My Celtic forebears in Scotland learned an important lesson. They were invaded many times and often outnumbered. They learned when you’re outnumbered enlist the land.

They found that if you could find a pinch point in the landscape and get there first you could stop a larger force from advancing. I won’t go into the gory details here of how they did it. But there is an important lesson there for us greens. Currently we are badly outnumbered. Yet the need for our beneficial presence in the culture is immense. For us our pinch point is global warming, climate change, the collapsing U.S. dollar, peak oil, peak everything. We need to position ourselves there now. We need to be building and living working models for how to remain human as these issues play out. We need to be communicating the solutions that we have learned through our experience. This is not a technical problem. There is nothing new that needs to be invented. This is a cultural problem. It is a question of will.

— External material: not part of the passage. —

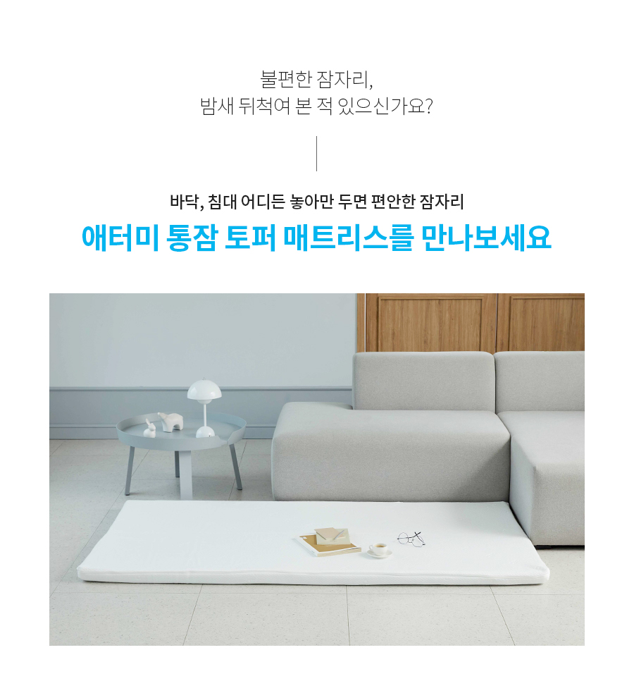 애터미 통잠 토퍼 매트리스는 건가아고 쾌적한수면을 선사해줍니다.

We are currently witnessing a massive corporate greenwashing. Corporations realize they cannot ignore these issues so they are paying them lip service, but have no intent of substantially changing. They say, yes peak oil is coming. Climate change is happening therefore, let us drill offshore now and build more nuclear power plants for the future. They are fundamentally incapable of grasping the full nature of the problem.

When I lived in Washington State I would go to a place called Ocean Shores where there is a jetty built by the Corps of Engineers years ago. Its intent was to keep silt from accumulating in a nearby harbor so shipping could get through. When I go there I am struck by the arrogant thinking that we could control the Pacific Ocean. I watch as the waves crash into the jetty and spray goes a hundred feet into the air. As a result of the man-made jetty the coastline north of there is eroding. As a result of this erosion condominiums and hotels are slowly but surely falling into the ocean. Now there is real power.

I frequently meditate on this idea, “There are those that say they know but don’t do. They don’t know.” What do you know that you should be doing but have found that you’re just not there yet? What do you need to get there? The solutions often lie in community. ‘I’ can’t do it, but ‘we’ can. Community solutions are often cooperative in nature. In Seattle, we saw the development of Voluntary Simplicity Circles. In Washington, D.C. I have seen the beginning of support groups for people who are working to “unclutter” their lives. Who is your support group? Who are the people who have got your back? If you start making a list, it might pleasantly surprise you.